6 images that mattered

0
184

1. North Carolina December 17, 1903
The Wright brothers’ first flight. Wilbur was running alongside the plane; Orville was flying it. No one would have believed their achievement if it hadn’t been photographed.
2. Tiananmen Square protest by Jeff Widener, 1989
The government sent tanks to brutally kill hundreds of workers, students and children in a crackdown on the protest at Tiananmen Square. A small, unknown, unexceptional figure stood bravely in protest in front of the tanks.
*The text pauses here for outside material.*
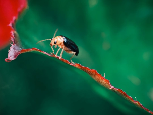 在这片由叶片搭建的红色栈道上,一位身披黑甲的小探险家正奋力地向上攀爬。 当镜头将世界放大,我们才发现,那些被忽略的角落,正上演着比史诗更动人的生存诗章。

As TIME magazine reported it, he “revived the world’s image of courage”. It is when history disguises itself as allegory that the camera writes it best.
3. Vietnam February 1, 1968
Eddie Adams snapped Nguyen Ngoc
Loan executing Viet Cong Captain Nguyen
Van Lem. The picture turned the public
against the war.
4. Nagasaki August 9, 1945
The US Air Force took this photo of a mushroom cloud caused by its atomic bomb, Fat Man. It, along with another bomb dropped on Hiroshima, caused 150,000 deaths. The public had never seen an atomic bomb’s destruction before, and this picture made the world fearful of another World War.
5. Sudan 1994
Kevin Carter shot this Pulitzer Prize-winner of a child crawling to a UN food camp half a mile away in Sedan. Depressed, Carter committed suicide three months after taking this picture. The image brought the Sudan tragedy to the world.
6. Abu Gharib Prison 2004
Horrific pictures taken by the US Army were unveiled in The New Yorker and in a 60 Minutes episode. They showed American soldiers torturing Iraq prisoners. After the images were made public, 17 American soldiers were removed from duty; 11 were convicted and dishonorably discharged. The pictures showed Americas’ hypocrisy; their soldiers were as inhumane as those they were fighting in the War on Terror.